Encelia farinosa is common in the southwestern United States (California, Arizona, Utah, and Nevada) and northern Mexico (Baja California, Baja California Sur, Sonora, Sinaloa, and Hidalgo).

It can be found in a variety of habitats from dry, gravelly slopes to open, sandy washes up to 1000 m above sea level. It requires a very sunny position in a deep very well-drained soil, and minimal winter frost.

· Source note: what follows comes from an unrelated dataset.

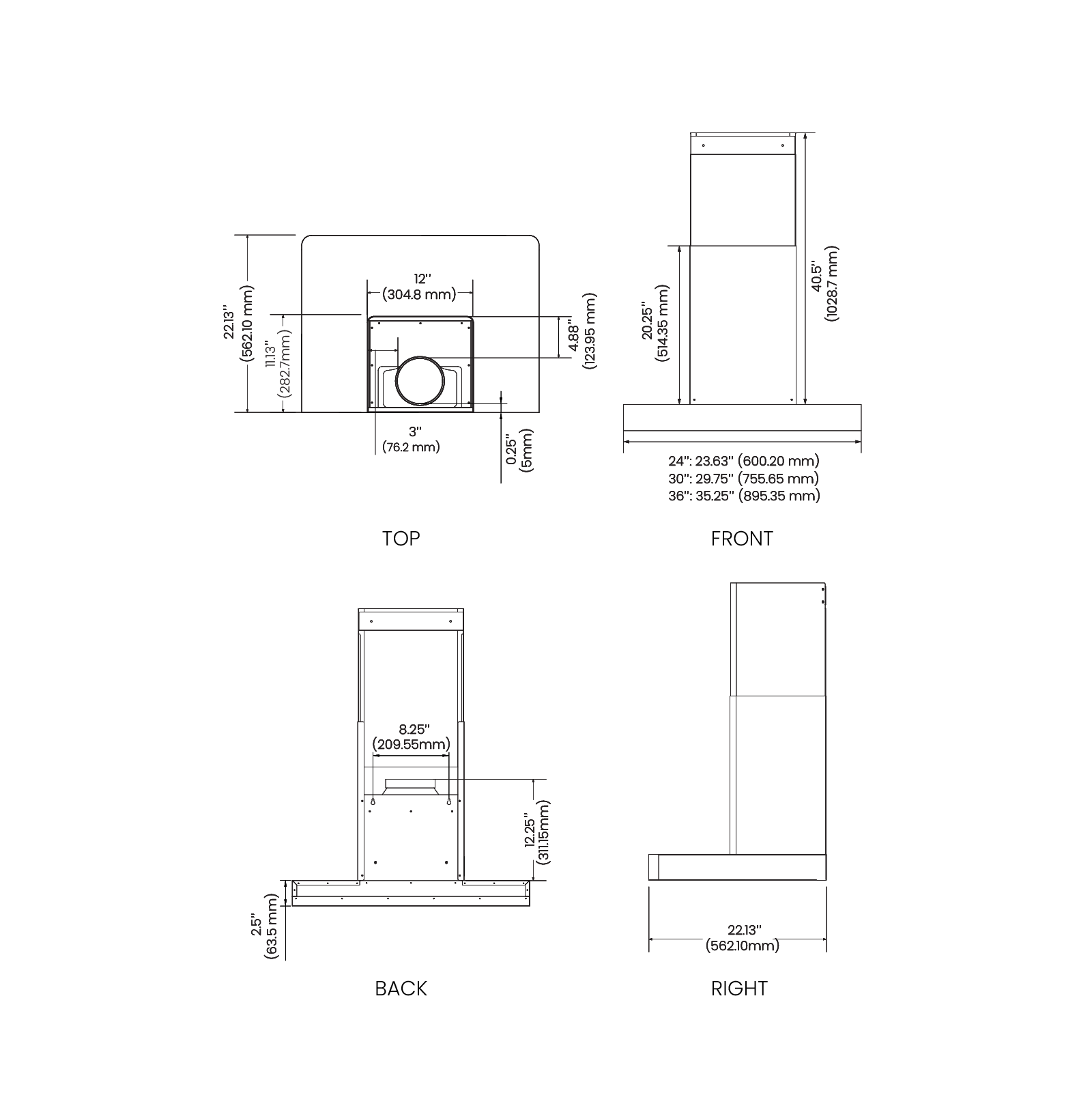 Dimensiones de la chimenea (An. × Pr. × Al.) 30,5 cm × 28,9 cm × (51,8 cm - 102,6 cm)

It does well in cultivation often being used for border, erosion control, ground cover and massing. Recently the plant has spread dramatically in areas not natural to its distribution in large part because Caltrans has begun to use it in hydroseeding.

== Uses ==
Brittlebush has a long history of uses by indigenous and pioneer peoples, including:
- Glue: The resin collected from the base of the plant, yellowish to brown, can be heated and used as a glue. The O'odham and Seri use it for hafting, to hold points on arrows and harpoons.
- Sealer: A different sort of resin collected from the upper stems is more gummy and generally a clear yellow. The Seri use this to seal pottery vessels.
- Incense: Early Spanish friars learned that the resin made a highly fragrant incense, akin to frankincense in odor.
- Gum: The Sells area Tohono O'odham children use upper stem resin as a passable chewing gum.
- Toothbrush: Oldtime cowboys used brittlebush stem as a fine toothbrush.
- Medicinal: Seri use brittlebush to treat toothache; the bark is removed, the branch heated in ashes, and then placed in the mouth to "harden" a loose tooth. The Cahuilla used brittlebush to treat toothaches as well, and used it as a chest pain reliever by heating the gum and applying it to the chest.
- Waterproofing: It has been used to waterproof containers.
- Varnish: It has been melted then used as a varnish.